*EXERCISE INSTRUCTIONS*
Exactly retype the lines below from the one containing "宁夏鑫迪兴汽车销售有限公司是" through the end of the listing. Leave pictures out.

*DATA SHOWN*
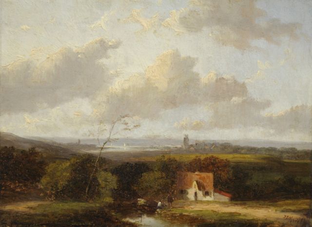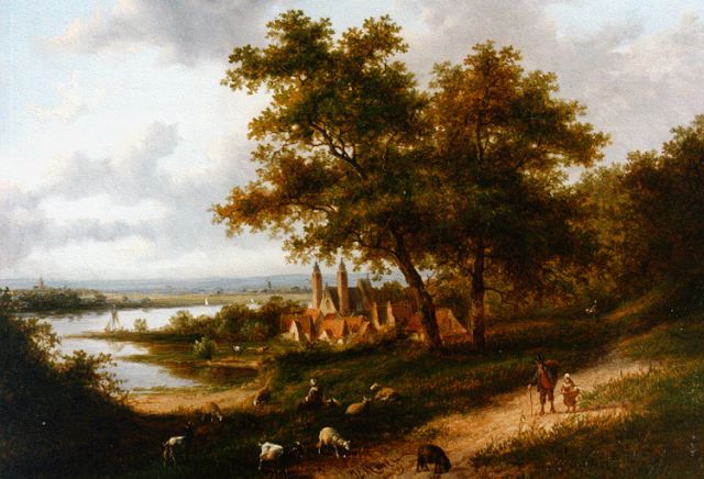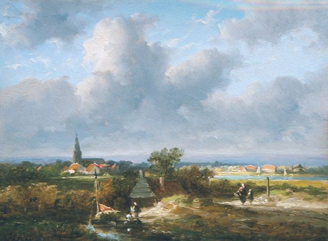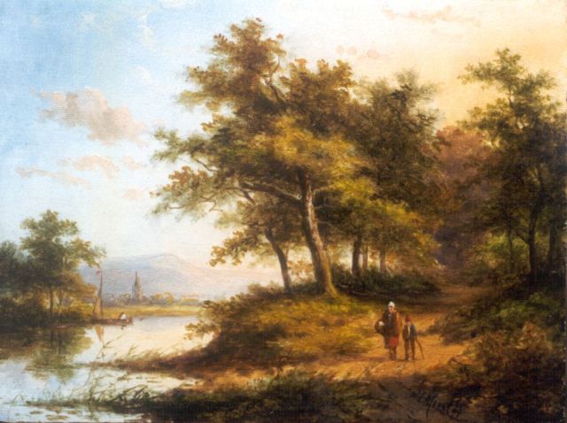 Jan Evert Morel II | Landvolk op een pad langs de rivier, olieverf op paneel, 35,2 x 51,0 cm, gesigneerd r.o.
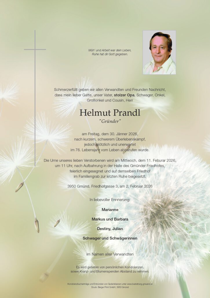Wir trauern um: Prandl Helmut † 30.01.2026 GmündUrnenbeisetzung 11.02.2026, 11:00 Uhr Aufbahrungshalle Gmünd Parte Kondolenzbuch (6) Gedenkkerzen (10)
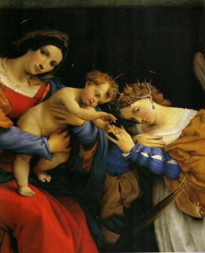 Keywords: Lotto, nozze mistiche bergamo 01.jpg detail mystical marriage Oil on canvas scan from Carlo Pirovano Lotto Electa Milano 2002 1523 - Accademia Carrara Bergamo creator Lorenzo Lotto Mystic marriage of Saint Catherine of Alexandria Lotto Bergamo PD-old-100 |
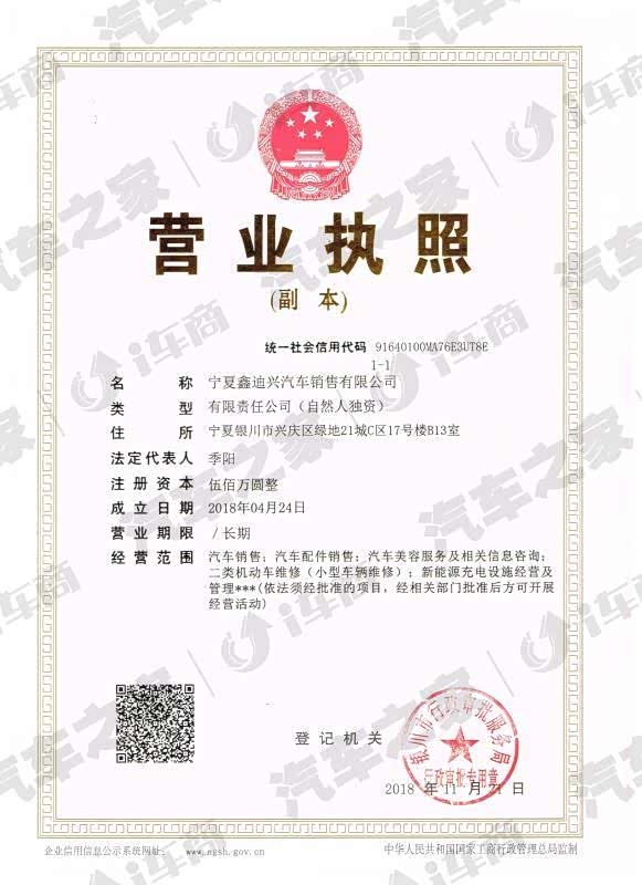 宁夏鑫迪兴汽车销售有限公司是比亚迪新能源汽车在宁夏地区唯一一家授权代理经销商,提供比亚迪纯电动汽车的销售与售后服务,目前在绿地21城已建成新能源体验中心,建筑面积达2200㎡,拥有独立的体验展厅、客户接待区和售后大型维修车间,致力于让每一位客户享受到比亚迪高标准、高品质“智享”服务。
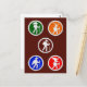 These hand-painted trail markers depicting a bear, moose, hawk, porcupine, and deer were inspired by my hikes in the woods of northern Maine. The trail markers were a reassuring sign that I was on the right path. I replaced the generic human hiker image with that of hiking animals as a way of honouring the creatures that I saw on my hikes and who call the woods and forests home.

*FINISHED TASK*
 宁夏鑫迪兴汽车销售有限公司是比亚迪新能源汽车在宁夏地区唯一一家授权代理经销商,提供比亚迪纯电动汽车的销售与售后服务,目前在绿地21城已建成新能源体验中心,建筑面积达2200㎡,拥有独立的体验展厅、客户接待区和售后大型维修车间,致力于让每一位客户享受到比亚迪高标准、高品质“智享”服务。
 These hand-painted trail markers depicting a bear, moose, hawk, porcupine, and deer were inspired by my hikes in the woods of northern Maine. The trail markers were a reassuring sign that I was on the right path. I replaced the generic human hiker image with that of hiking animals as a way of honouring the creatures that I saw on my hikes and who call the woods and forests home.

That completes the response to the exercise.